Aim of the task » Copy out each line below verbatim, skipping any picture.

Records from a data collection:
⟨
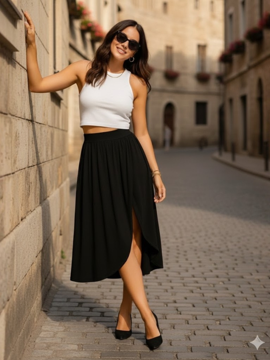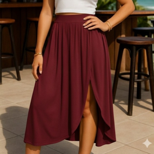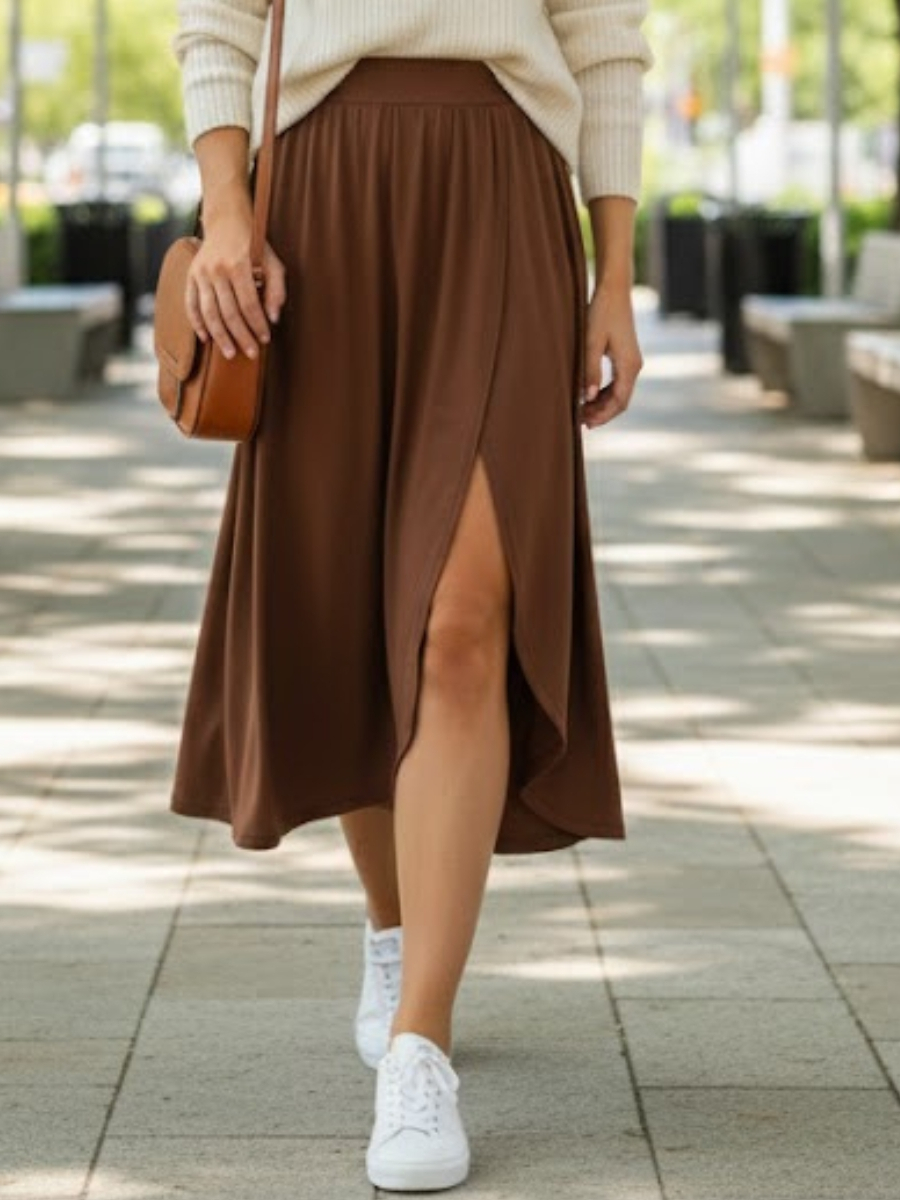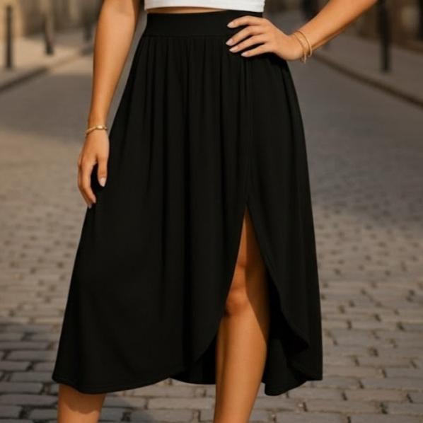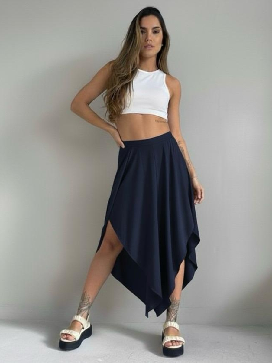 Saia Midi Malha Confortavel Fenda Lateral Moda Tendência
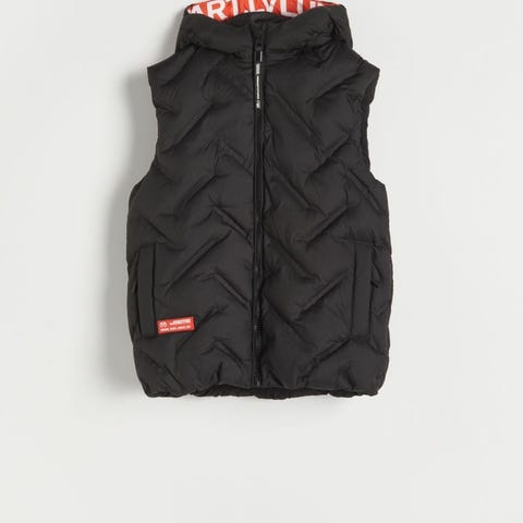 Børnevest i størrelse 104, farven orange. Vesten er designet til børn og er unisex. Materialet er polstret med quiltede sømme for ekstra varme og komfort. Velegnet til udendørs brug som et let isolerende lag.
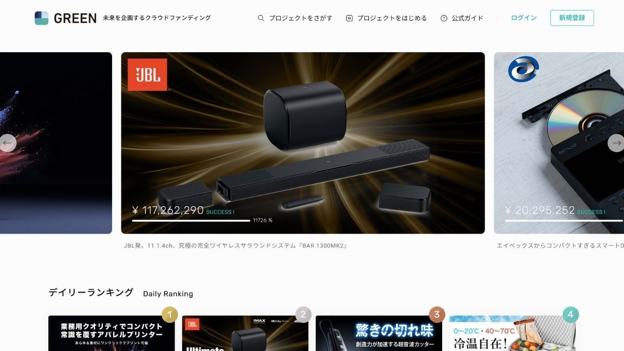 츠타야를 운영하는 컬처 컨비니언스 클럽(CCC)의 지원을 받는 그린 펀딩(GREEN FUNDING)은 2013년에 설립되었으며, 특히 가젯, 오디오 장비, 라이프스타일 액세서리 등 세련되고 고급스러운 제품 캠페인으로 잘 알려져 있습니다. 디자인에 민감한 소비자층을 겨냥하고 있습니다.기술 애호가들.
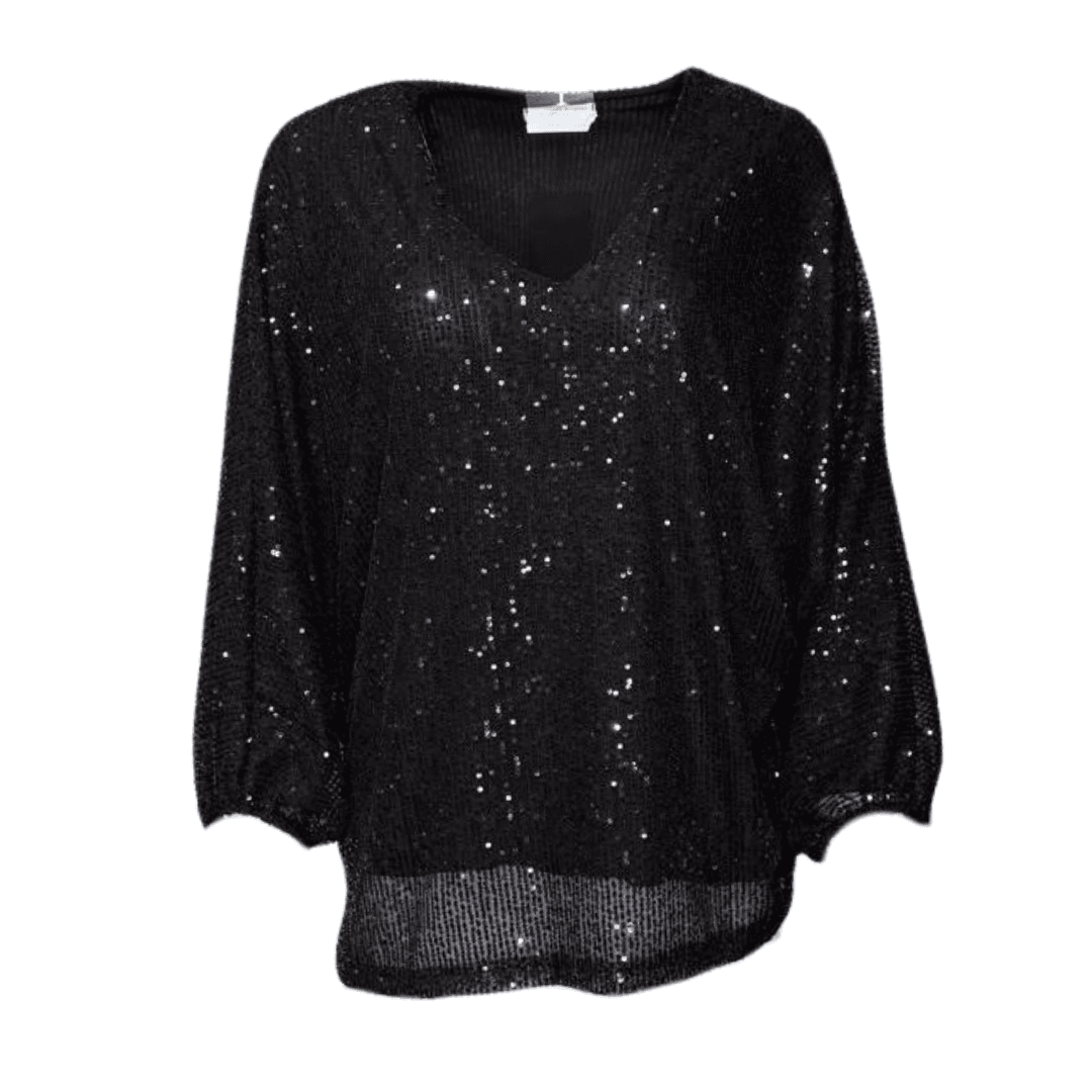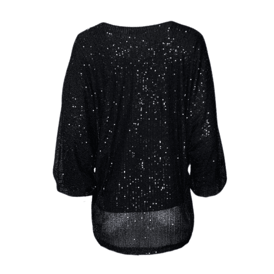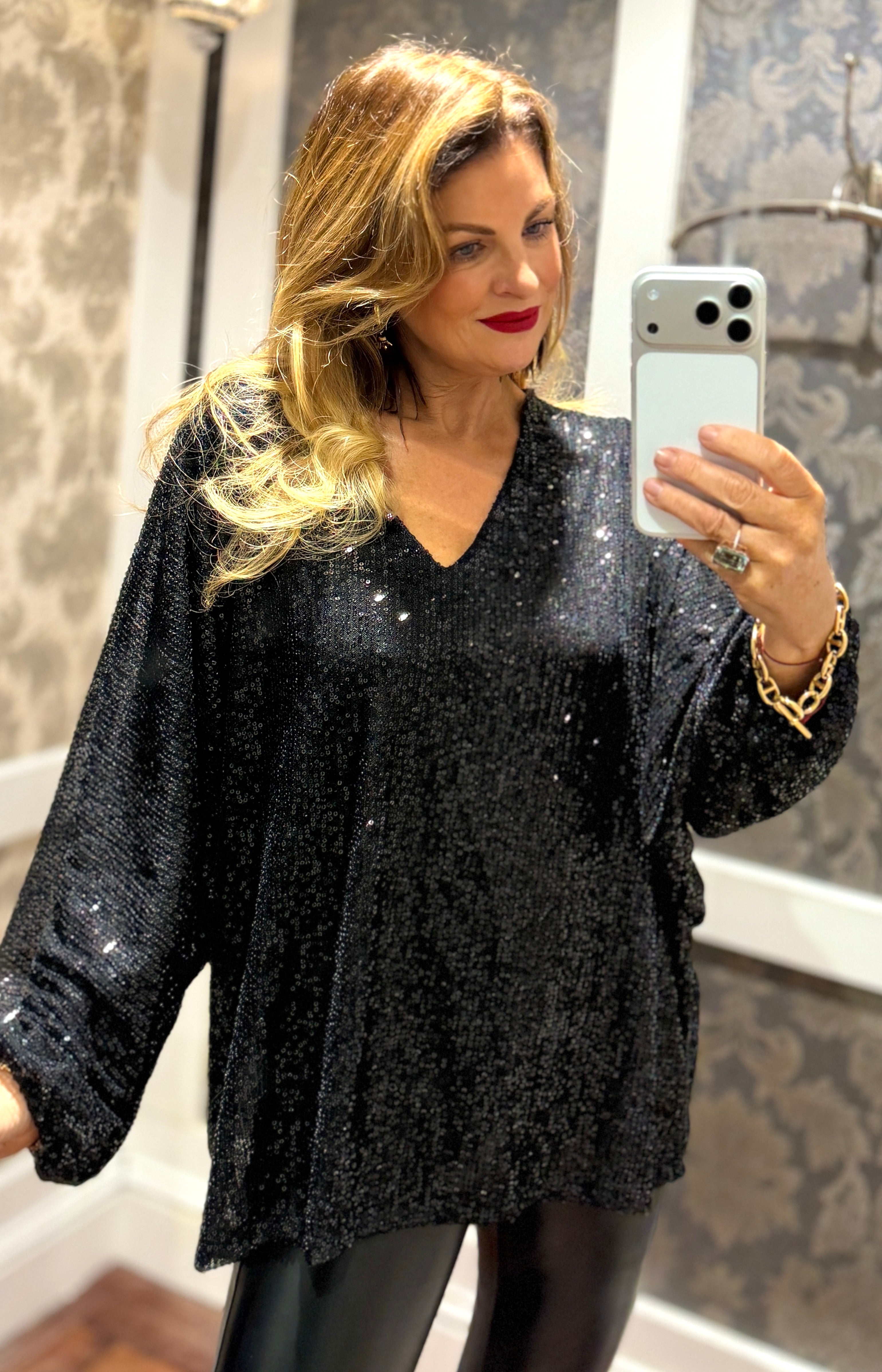 This black sequin mesh top features a flattering V-neckline, long batwing sleeves, and a free-flowing silhouette. Fully lined for comfort, it blends sparkle with softness for an effortlessly chic look.
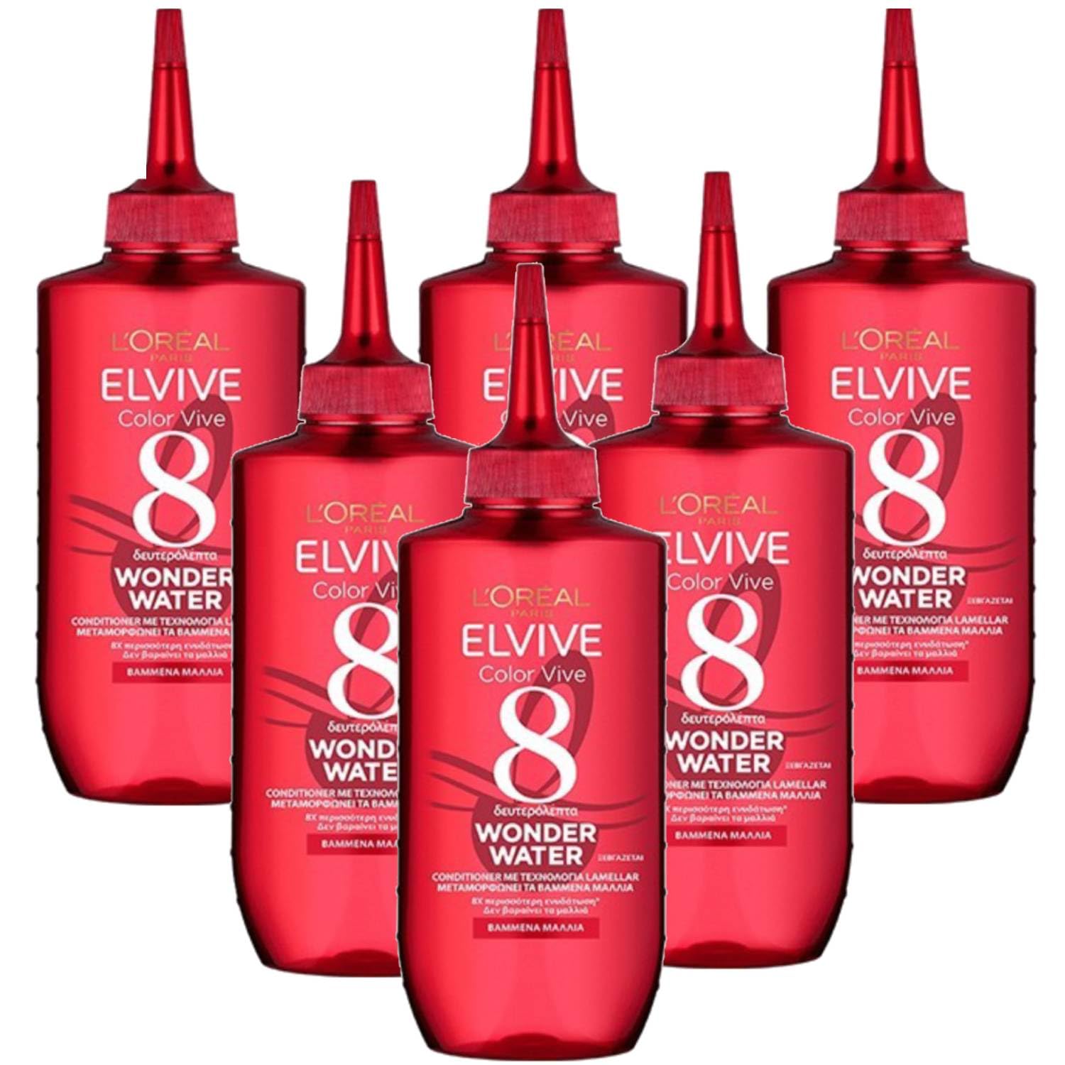 L'Oréal Paris Wonder Water is an innovative treatment with lamellar technology, designed for color-treated and sensitized hair. This instant-action liquid balm transforms hair in just 8 seconds, providing shine, softness, and lightness without weighing it down. Key features: Advanced lamellar technology: forms a thin layer over damaged areas, repairing and smoothing the hair fiber. Silicone-free formula: respects the natural structure of the hair, preventing residue buildup. Enriched with vitamin E and hydrolyzed wheat proteins: nourishes and strengthens the hair fiber while protecting color. Suitable for all types of color-treated hair: prolongs color intensity and shine. How to use: After shampooing, apply Wonder Water to the lengths of your hair. Gently massage for 8 seconds. Rinse thoroughly. Follow with your usual conditioner or mask if desired. Size: 200 ml INGREDIENTS Hydrolyzed wheat protein, arginine PCA, vitamin E, sodium acetylated hyaluronic acid. SAFETY WARNING For external use only. See moreConvenient 200ml size: perfect for home use in your weekly routine or after coloring. Targeted hydration and detangling: works where you need it, leaving hair softer, nourished, and more manageable from the first application. Lightweight, silicone-free formula: won't weigh hair down, ideal for frequent use and for those with delicate or sensitive skin. Long-lasting color protection: designed for color-treated or dyed hair, helps maintain color vibrancy and intensity for longer.L'Oréal Paris Elvive Wonder Water Baume Lamellaire pour Cheveux Colorés Traitement Liquide Brillance Instantanée 200 ml (6 Unités) 200 ml (Confezione da 1)DESCRIPTION DU PRODUIT DESCRIPTION DU PRODUIT Le Wonder Water de L'Oréal Paris est un traitement innovant à la technologie lamellaire, conçu pour les cheveux colorés et sensibilisés. Ce baume liquide à action immédiate transforme la chevelure en seulement 8 secondes, donnant brillance, douceur et légèreté sans alourdir. Caractéristiques principales : technologie lamellaire avancée : forme une fine couche sur les zones endommagées, réparant et lissant la fibre capillaire. Formule sans silicone : respecte la structure naturelle du cheveu, évitant l'accumulation de résidus. Enrichi en vitamine E et protéines hydrolysées de blé : nourrit et renforce la fibre capillaire, tout en protégeant la couleur. Convient à tous les types de cheveux colorés : prolongeant l'intensité et la brillance de la couleur. Mode d'utilisation : après avoir lavé les cheveux avec le shampooing, appliquez Wonder Water sur les longueurs. Masser doucement pendant 8 secondes. Rincer abondamment. Procéder avec le baume ou le masque habituel si vous le souhaitez. Format : 200 ml INGRÉDIENTS roteines hydrolysées de blé, arginine PCA, vitamine E, acide hyaluronique acétylé sodique. AVERTISSEMENT DE SÉCURITÉ Usage extérieur uniquement. Voir plusFormat pratique de 200 ml : parfait pour un usage domestique dans la routine hebdomadaire ou post-coloration. Hydratation ciblée et démêlante : agit là où vous en avez besoin, ce qui rend les cheveux plus doux, nourris et faciles à coiffer dès la première application. Formule légère et sans silicone : n'alourdit pas les cheveux, idéale également pour un usage fréquent et pour les personnes ayant une peau délicate ou sensible. Protection de la couleur prolongée : conçu pour les cheveux colorés ou colorés, aide à maintenir la vivacité et l'intensité de la couleur plus longtemps.
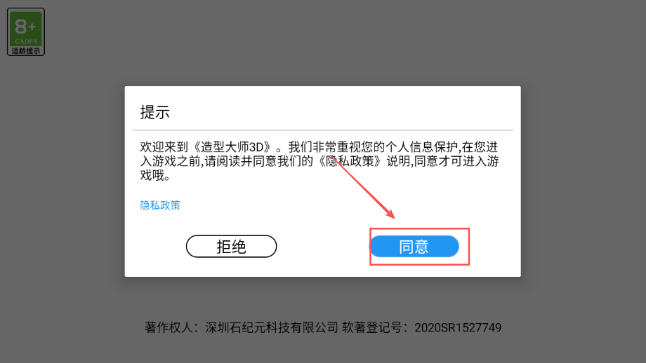 1、打开造型大师 3d 游戏后会看到游戏协议,点一下同意,不然没法继续往下用游戏的功能哦。
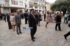 Con la salida de la Mare de Deu dels Desamparats comienzan los aplausos y el repique de las campanas, primero la de la ermita y después las de la Iglesia Parroquial, mientras la Unión Musical Santa Cecilia interpretaba el himno de España, dando comienzo a la procesión.
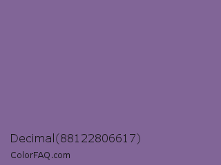 Decimal 88122806617 Color is a normal purple color and the nearest color is Trendy Pink #8c6495. Hex code #816597 and RGB value is rgb(129,101,151). In RGB color space, this color is composed of 51% red, 40% green, 59% blue, In CMYK color space, this color is composed of 15% cyan, 33% magenta, 0% yellow , 41% black , In HSL color space, this color has a hue angle of 274° , 20% saturation and 49% lightness.
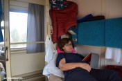 arrêt. J’avais les valises, et Marie cherchait notre wagon avec nos tickets en main; mais nous nous sommes perdus de vue, et pour ma part je cherchais en vain le numéro du wagon en courant sur le quai avec ces valises et mon poignet amoché, qui en a justement profité pour devenir particulièrement douloureux, et sans mon billet qui m’aurait permis de monter dans un wagon. Mais Marie avait rejoint le wagon, et notre gentille et imposante provodnitsa l’a rassurée, le train ne pouvant partir tant qu’elle resterait sur le quai. Lorsque notre provodnitsa m’a vu approcher, elle a empoigné d’une main ferme la plus grosse de mes valises, libérant ainsi mon poignet qui me faisait maintenant atrocement souffrir; je l’aurais embrassée (mais je n’ai pas osé!). Je dois dire qu’elle a été gentille et d’une aide précieuse pendant tout ce voyage, même si son anglais était à peu près inexistant.
⟩
Exercise result »
 Saia Midi Malha Confortavel Fenda Lateral Moda Tendência
 Børnevest i størrelse 104, farven orange. Vesten er designet til børn og er unisex. Materialet er polstret med quiltede sømme for ekstra varme og komfort. Velegnet til udendørs brug som et let isolerende lag.
 츠타야를 운영하는 컬처 컨비니언스 클럽(CCC)의 지원을 받는 그린 펀딩(GREEN FUNDING)은 2013년에 설립되었으며, 특히 가젯, 오디오 장비, 라이프스타일 액세서리 등 세련되고 고급스러운 제품 캠페인으로 잘 알려져 있습니다. 디자인에 민감한 소비자층을 겨냥하고 있습니다.기술 애호가들.
 This black sequin mesh top features a flattering V-neckline, long batwing sleeves, and a free-flowing silhouette. Fully lined for comfort, it blends sparkle with softness for an effortlessly chic look.
 L'Oréal Paris Wonder Water is an innovative treatment with lamellar technology, designed for color-treated and sensitized hair. This instant-action liquid balm transforms hair in just 8 seconds, providing shine, softness, and lightness without weighing it down. Key features: Advanced lamellar technology: forms a thin layer over damaged areas, repairing and smoothing the hair fiber. Silicone-free formula: respects the natural structure of the hair, preventing residue buildup. Enriched with vitamin E and hydrolyzed wheat proteins: nourishes and strengthens the hair fiber while protecting color. Suitable for all types of color-treated hair: prolongs color intensity and shine. How to use: After shampooing, apply Wonder Water to the lengths of your hair. Gently massage for 8 seconds. Rinse thoroughly. Follow with your usual conditioner or mask if desired. Size: 200 ml INGREDIENTS Hydrolyzed wheat protein, arginine PCA, vitamin E, sodium acetylated hyaluronic acid. SAFETY WARNING For external use only. See moreConvenient 200ml size: perfect for home use in your weekly routine or after coloring. Targeted hydration and detangling: works where you need it, leaving hair softer, nourished, and more manageable from the first application. Lightweight, silicone-free formula: won't weigh hair down, ideal for frequent use and for those with delicate or sensitive skin. Long-lasting color protection: designed for color-treated or dyed hair, helps maintain color vibrancy and intensity for longer.L'Oréal Paris Elvive Wonder Water Baume Lamellaire pour Cheveux Colorés Traitement Liquide Brillance Instantanée 200 ml (6 Unités) 200 ml (Confezione da 1)DESCRIPTION DU PRODUIT DESCRIPTION DU PRODUIT Le Wonder Water de L'Oréal Paris est un traitement innovant à la technologie lamellaire, conçu pour les cheveux colorés et sensibilisés. Ce baume liquide à action immédiate transforme la chevelure en seulement 8 secondes, donnant brillance, douceur et légèreté sans alourdir. Caractéristiques principales : technologie lamellaire avancée : forme une fine couche sur les zones endommagées, réparant et lissant la fibre capillaire. Formule sans silicone : respecte la structure naturelle du cheveu, évitant l'accumulation de résidus. Enrichi en vitamine E et protéines hydrolysées de blé : nourrit et renforce la fibre capillaire, tout en protégeant la couleur. Convient à tous les types de cheveux colorés : prolongeant l'intensité et la brillance de la couleur. Mode d'utilisation : après avoir lavé les cheveux avec le shampooing, appliquez Wonder Water sur les longueurs. Masser doucement pendant 8 secondes. Rincer abondamment. Procéder avec le baume ou le masque habituel si vous le souhaitez. Format : 200 ml INGRÉDIENTS roteines hydrolysées de blé, arginine PCA, vitamine E, acide hyaluronique acétylé sodique. AVERTISSEMENT DE SÉCURITÉ Usage extérieur uniquement. Voir plusFormat pratique de 200 ml : parfait pour un usage domestique dans la routine hebdomadaire ou post-coloration. Hydratation ciblée et démêlante : agit là où vous en avez besoin, ce qui rend les cheveux plus doux, nourris et faciles à coiffer dès la première application. Formule légère et sans silicone : n'alourdit pas les cheveux, idéale également pour un usage fréquent et pour les personnes ayant une peau délicate ou sensible. Protection de la couleur prolongée : conçu pour les cheveux colorés ou colorés, aide à maintenir la vivacité et l'intensité de la couleur plus longtemps.
 1、打开造型大师 3d 游戏后会看到游戏协议,点一下同意,不然没法继续往下用游戏的功能哦。
 Con la salida de la Mare de Deu dels Desamparats comienzan los aplausos y el repique de las campanas, primero la de la ermita y después las de la Iglesia Parroquial, mientras la Unión Musical Santa Cecilia interpretaba el himno de España, dando comienzo a la procesión.
 Decimal 88122806617 Color is a normal purple color and the nearest color is Trendy Pink #8c6495. Hex code #816597 and RGB value is rgb(129,101,151). In RGB color space, this color is composed of 51% red, 40% green, 59% blue, In CMYK color space, this color is composed of 15% cyan, 33% magenta, 0% yellow , 41% black , In HSL color space, this color has a hue angle of 274° , 20% saturation and 49% lightness.
 arrêt. J’avais les valises, et Marie cherchait notre wagon avec nos tickets en main; mais nous nous sommes perdus de vue, et pour ma part je cherchais en vain le numéro du wagon en courant sur le quai avec ces valises et mon poignet amoché, qui en a justement profité pour devenir particulièrement douloureux, et sans mon billet qui m’aurait permis de monter dans un wagon. Mais Marie avait rejoint le wagon, et notre gentille et imposante provodnitsa l’a rassurée, le train ne pouvant partir tant qu’elle resterait sur le quai. Lorsque notre provodnitsa m’a vu approcher, elle a empoigné d’une main ferme la plus grosse de mes valises, libérant ainsi mon poignet qui me faisait maintenant atrocement souffrir; je l’aurais embrassée (mais je n’ai pas osé!). Je dois dire qu’elle a été gentille et d’une aide précieuse pendant tout ce voyage, même si son anglais était à peu près inexistant.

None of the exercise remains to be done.